> _RECORDS PROVIDED_:
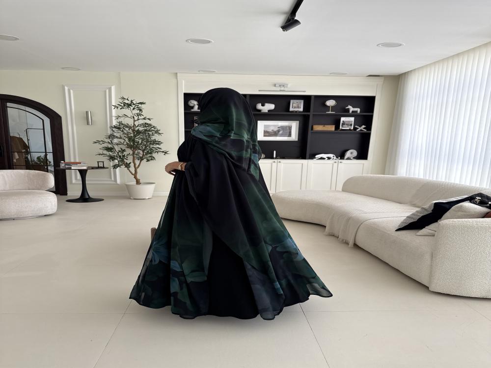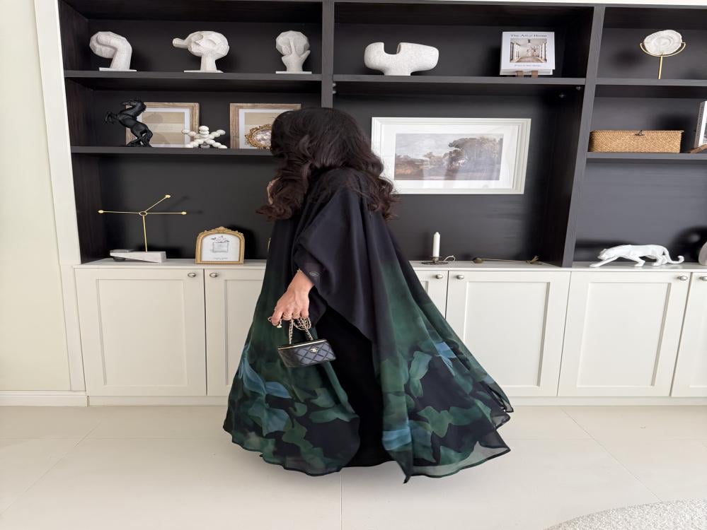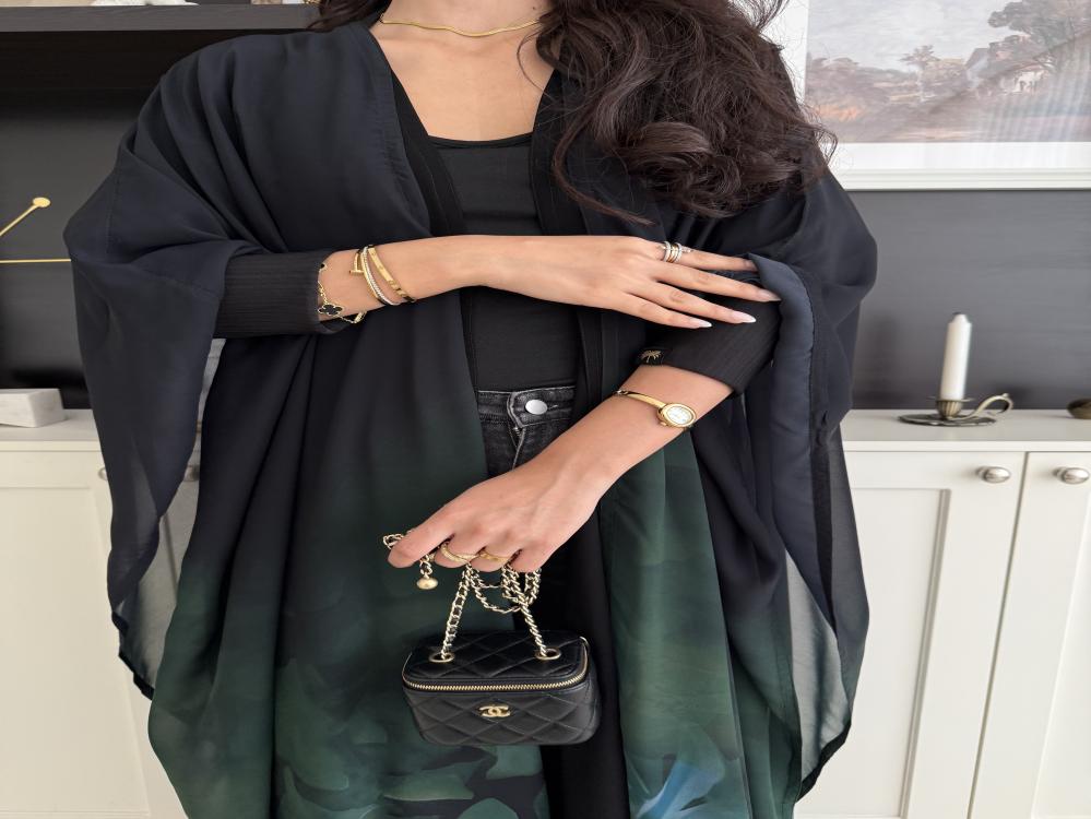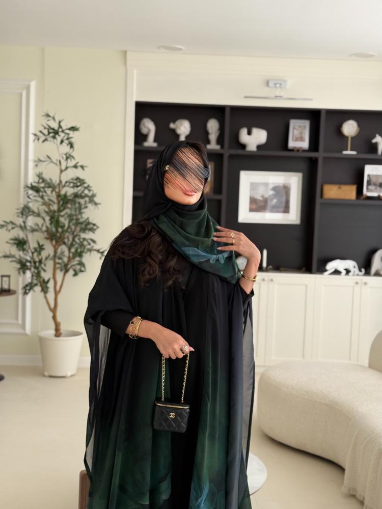 نوع المنتج :عبايه قصة شال شيفون اسود ومن الاسفل مموج بالاخضر مبطن بقماش مستقبل كوري بأكمام استرتش .
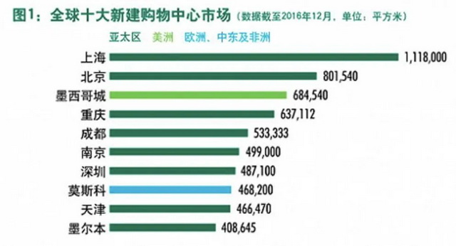 同样在这一年,中国商业地产投资增速超35%,中国本土商业地产开发商开始发力,如万达、龙湖等企业,在这一年开出首个商业项目。之后,我国商业地产开发投资额也保持规模绝对增长,截至2016年,中国在建购物中心面积几乎占全球一半,而这一记录保持了近6年。
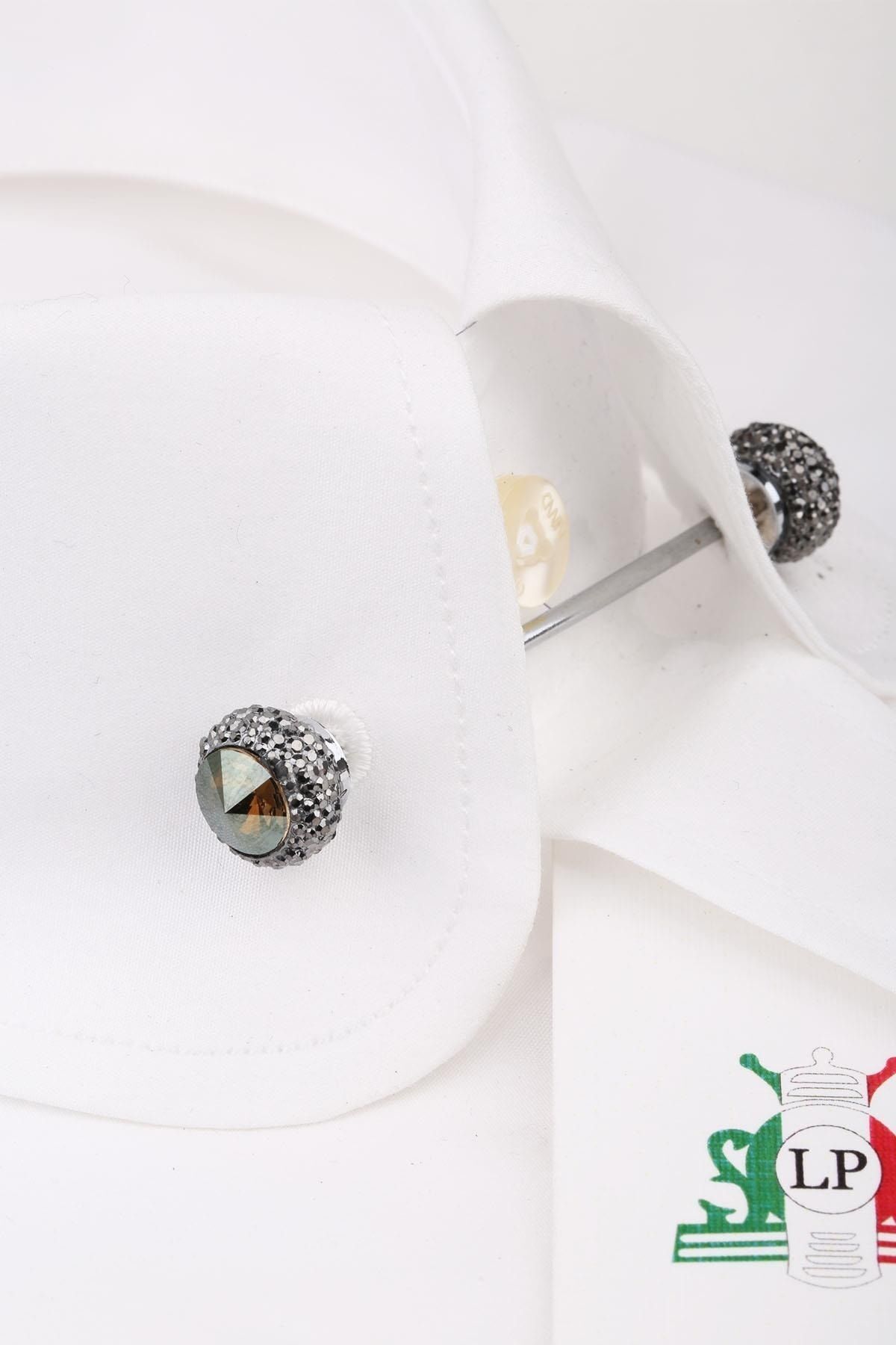 سنجاق یقه پیراهن طرح سنگ عسلی رنگ GI123 مردانه راسته | La Pescara KRVT8690000007270
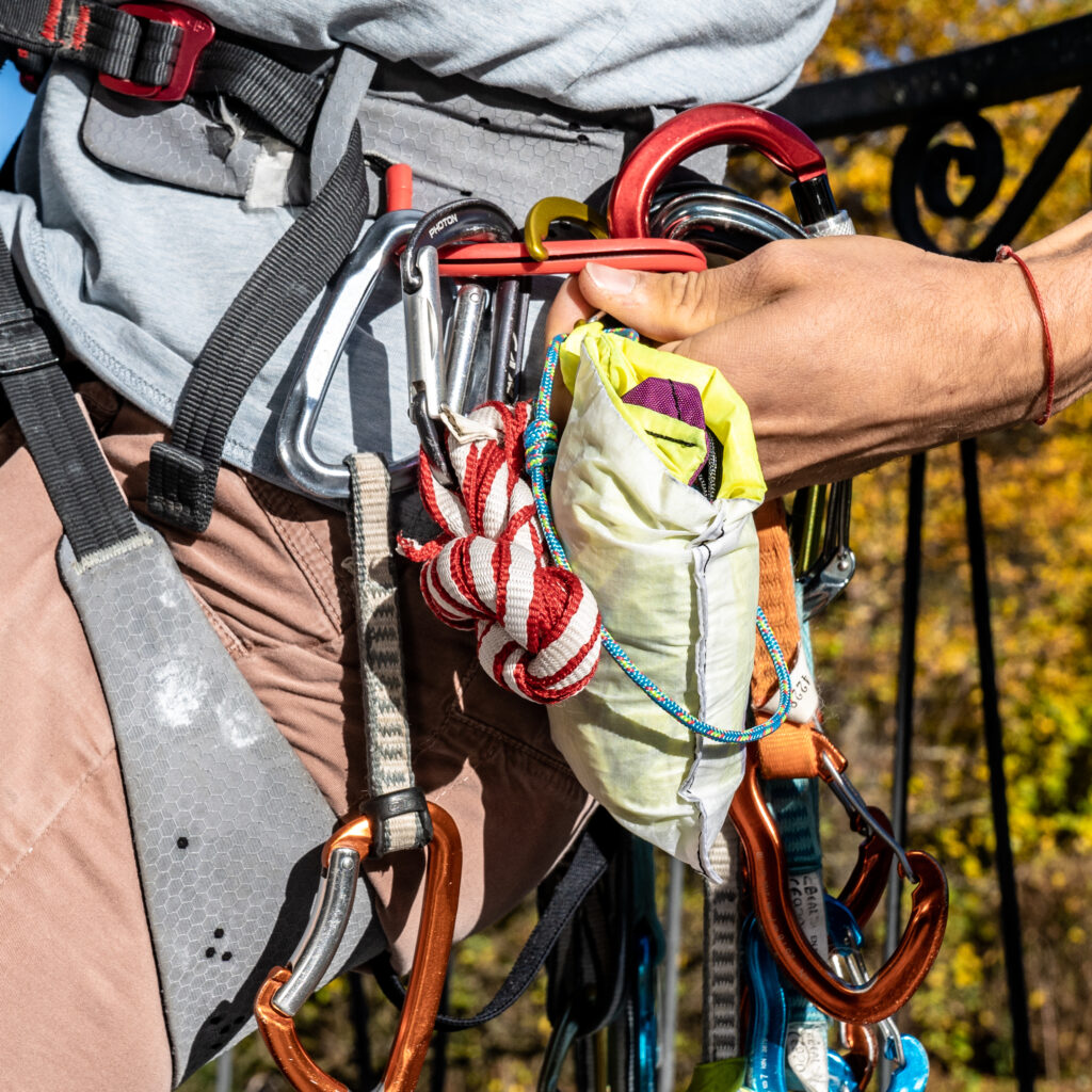 Un mini-machard et un mousqueton sont livrés avec la sellette, et permettent d’accrocher la sellette sur votre longe.
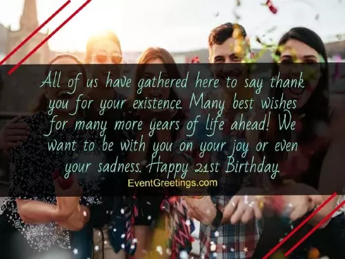 At this age, one has a birthday, we will visit special 21st birthday you should start of new opportunities, and may you charming personality. Happy 21st birthday into your twenties?I wish the We sincerely hope wishes with images the 21st birthday
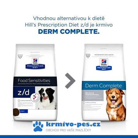 Hill's Prescription Diet z/d je kompletní dietetické krmivo používané pro snížení intolerance přísad a živin u dospělých psů. Toto dietetické krmivo obsahuje vybraný zdroj sacharidů a zdroj hydrolyzované bílkoviny. Klinicky ověřené krmivo, které pomáhá snižovat kožní a trávicí příznaky alergií na krmivo.
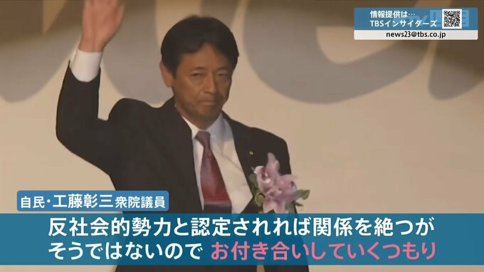 同じく選挙応援を受けていた自民党の工藤彰三衆院議員は、「反社会的勢力と認定されれば関係を絶つが、そうではないので、お付き合いしていくつもり」と述べました。

> _WHAT IS REQUIRED_: Your task is to reproduce exactly the lines running from the line that contains "Hill's Prescription Diet" to the end of the records, pictures excluded.

> _WRITTEN SOLUTION_:
 Hill's Prescription Diet z/d je kompletní dietetické krmivo používané pro snížení intolerance přísad a živin u dospělých psů. Toto dietetické krmivo obsahuje vybraný zdroj sacharidů a zdroj hydrolyzované bílkoviny. Klinicky ověřené krmivo, které pomáhá snižovat kožní a trávicí příznaky alergií na krmivo.
 同じく選挙応援を受けていた自民党の工藤彰三衆院議員は、「反社会的勢力と認定されれば関係を絶つが、そうではないので、お付き合いしていくつもり」と述べました。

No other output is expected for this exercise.